OAO Severstal, the Russian steelmaker controlled by billionaire Alexey Mordashov, agreed to sell two plants to Steel Dynamics Inc. (STLD) and AK Steel Holding Corp. (AKS) for $2.33 billion, marking its exit from the U.S.
Severstal’s imminent departure from the U.S. comes amid heightened tensions between America and Russia over Ukraine, where pro-Russian separatists continue to control key cities. Mordashov and Severstal haven’t been targeted by U.S. or European Union economic sanctions. The billionaire’s companies as of April controlled a stake of about 6 percent in OAO Bank Rossiya, which has been targeted by the U.S.
The U.S. steel industry has been dogged by excess capacity and depressed prices since the financial crisis. As of July 14, 21 percent of its capacity was unused, according to data from the American Iron & Steel Institute. U.S. steelmakers have also fought a succession of legal battles to curb cheap imports.
The sale of the Dearborn and Columbus plants completes the dismantling of Severstal’s North American unit, a process that began in 2010 with the sale of plants in Illinois and Ohio. On July 15, Severstal agreed to sell its U.S. coal unit to Canada’s Corsa Coal Corp. for $140 million.
Work on the sale of the Columbus and Dearborn plants started at the end of last year. The company’s shares rose 1.4 percent to close at 306.5 rubles in Moscow.
AK dropped 4.2 percent to $8.46 in New York, while Steel Dynamics gained 12 percent to $20.75, it’s highest price in more than five years.
Steel Dynamics’ $1.63 billion purchase of Severstal Columbus will be funded with a mix of cash and debt, the company said in a statement.
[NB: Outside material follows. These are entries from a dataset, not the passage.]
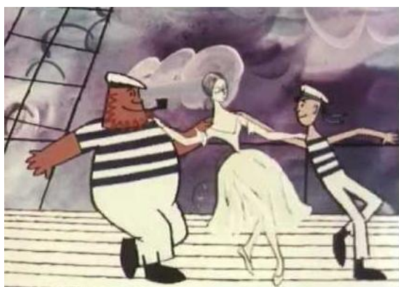
Кадр из фильма «Балерина на корабле». Режиссер Л. Атаманов

Посмотрите внимательно мультфильм Льва Атаманова «Балерина на корабле». Перечислите всех танцующих на корабле. Чем отличаются их танцы?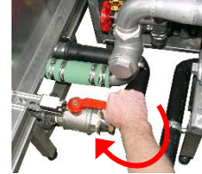
Öffnen Sie das Ablasventil der Waschwanne.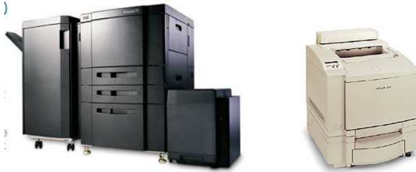
Slika 4: Laserski štampači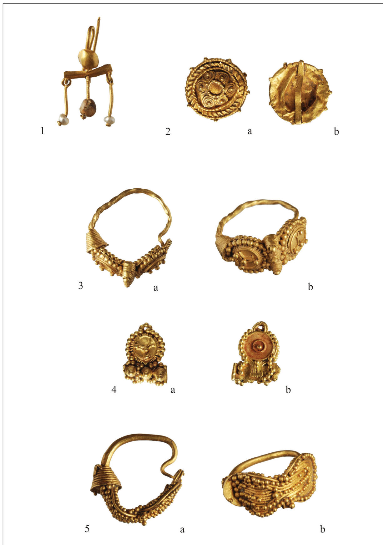
Pl.II. Cercei de aur din colecția Pongrácz.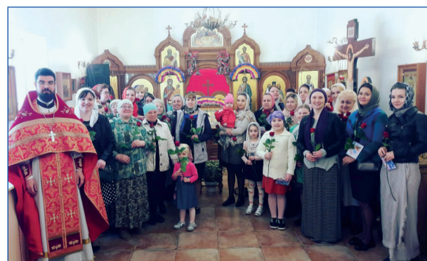
Праздник жён мироносиц в храме Новомучеников Лопасненских. 30 апреля 2017 года

сознания, а от сердца, и Господь сказал: «Где сокровище ваше, там будет и сердце ваше» (Мф. 6:21). К чему или кому сердце стремится, ради того человек и будет отдавать свою жизнь. Вот и получается, что начиная с жён мироносиц и далее в самые тяжёлые периоды в истории Церкви веру сохраняли и несли на своих хрупких плечах женщины, сердце которых пламенело любовью к Богу. Не перечить всем имён тех женщин, которые как мироносицы всецело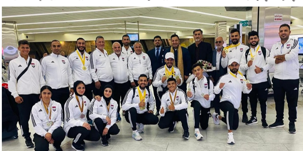
اوسمة: منتخب الكانوي يصل الى بغداد متوجاً بالاسمة الذهبية

Built in 2007, Columbus is one of the newest mini-mills in North America, the Fort Wayne, Indiana-based company said. The plant has a production capacity of 3.4 million tons, boosting Steel Dynamics’ annual steel shipping capacity to 11 million tons.
AK is paying $700 million in cash for the steelmaking assets in Dearborn, it said. The West Chester, Ohio-based company will fund the acquisition by issuing debt and shares, it said in a statement.
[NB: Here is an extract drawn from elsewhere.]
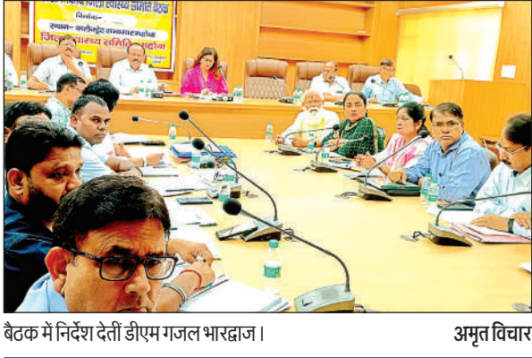
बैठक में निर्देश देती डीएम गजल भारद्वाज।

अमृत विचार। जिलाधिकारी गजल भारद्वाज की अध्यक्षता में बुधवार को कलेक्ट्रेट सभागार में जिला स्वास्थ्य समिति की बैठक आयोजित की गई। बैठक में स्वास्थ्य विभाग से संबन्धित पल्स पोलियो, जननी सुरक्षा योजना, मातृ मृत्यु, शिशु मृत्यु, प्रधानमंत्री सुरक्षित मातृत्व अभियान, पीएमएसएम दिवसों में क्यूआरकोड के माध्यम से अल्ट्रासउंड टीकाकरण परिवार कल्याण, राष्ट्रीय बाल स्वास्थ्य कार्यक्रम संचारी रोग अभियान आदि की समीक्षा की गई। जिलाधिकारी ने जनपद के सभी एमओआईसी को जननी सुरक्षा योजना के अंतर्गत संस्थागत प्रसव को बढ़ाने एवं एफआरयू की क्रियाशीलता तथा लाभार्थियों को प्रसव उपरांत 24 घंटे तक रोकने सहित गुणवत्ता पूर्ण भोजन प्रदान करने के लिए निर्देशित किया। डीएम ने नाराजगी व्यक्त करते हुए सभी चिकित्सा अधीक्षकों को निर्देश देते हुए कहा कि चाइल्ड रजिस्ट्रेशन

AK paid a “fair” price for Dearborn, which will help it’s position in the market for automotive steel, Ignace Proot, an analyst at Sandford C. Bernstein & Co., said in a note.
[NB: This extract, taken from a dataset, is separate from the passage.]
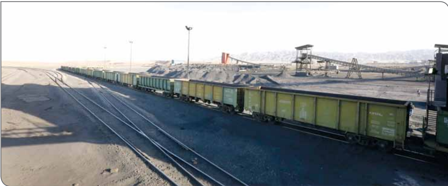
معدن مس سرچشمه

خود به ارز نیاز دارند مجبور هستند برای تأمین نیاز خود چنین کاری کنند. او تأکید کرد: در واقع مواد معدنی مشابه نفت هستند، همان‌قدر که نیاز داریم نفت صادر کنیم به همان نسبت هم به صادرات مواد معدنی نیاز داریم و هر چه بیشتر از خام‌فروشی دوری کنیم به سود اقتصاد کشور است.

“We need to understand further the operational synergies Steel Dynamics will realize to support the relatively high price paid for the Columbus facility,” Proot said.
The sales aren’t subject to any financing conditions and are expected to be completed by the end of this year, Severstal said. Bloomberg reported July 19 that Severstal was close to an agreement to sell the plants.
“The sale of Columbus and Dearborn unlocks substantial value to Severstal’s shareholders,” Mordashov, who is chief executive officer of the Cherepovets-based company, said in his company’s statement. Severstal North America had developed into one of the most efficient steel producers in the U.S., he said.
The deals are good for the Russian company, Dmitry Kolomytsyn, an analyst at Morgan Stanley, said by phone from Moscow before today’s announcement. Severstal has been looking for a buyer since December “so the agreement to sell those assets has nothing to do with the Russia-West tensions over Ukraine.”
Severstal may use the proceeds to pay dividends, which will support its share price, Kolomytsyn said.
Evercore Partners Inc. and Citigroup Inc. acted as financial advisers to Severstal. Skadden, Arps, Slate, Meagher & Flom LLP acted as Severstal’s legal adviser. Goldman Sachs Group Inc. acted as financial adviser to Steel Dynamics and Barrett & McNagny LLP provided legal advice.
Credit Suisse Group AG advised AK Steel and Weil, Gotshal & Manges LLP was its legal adviser.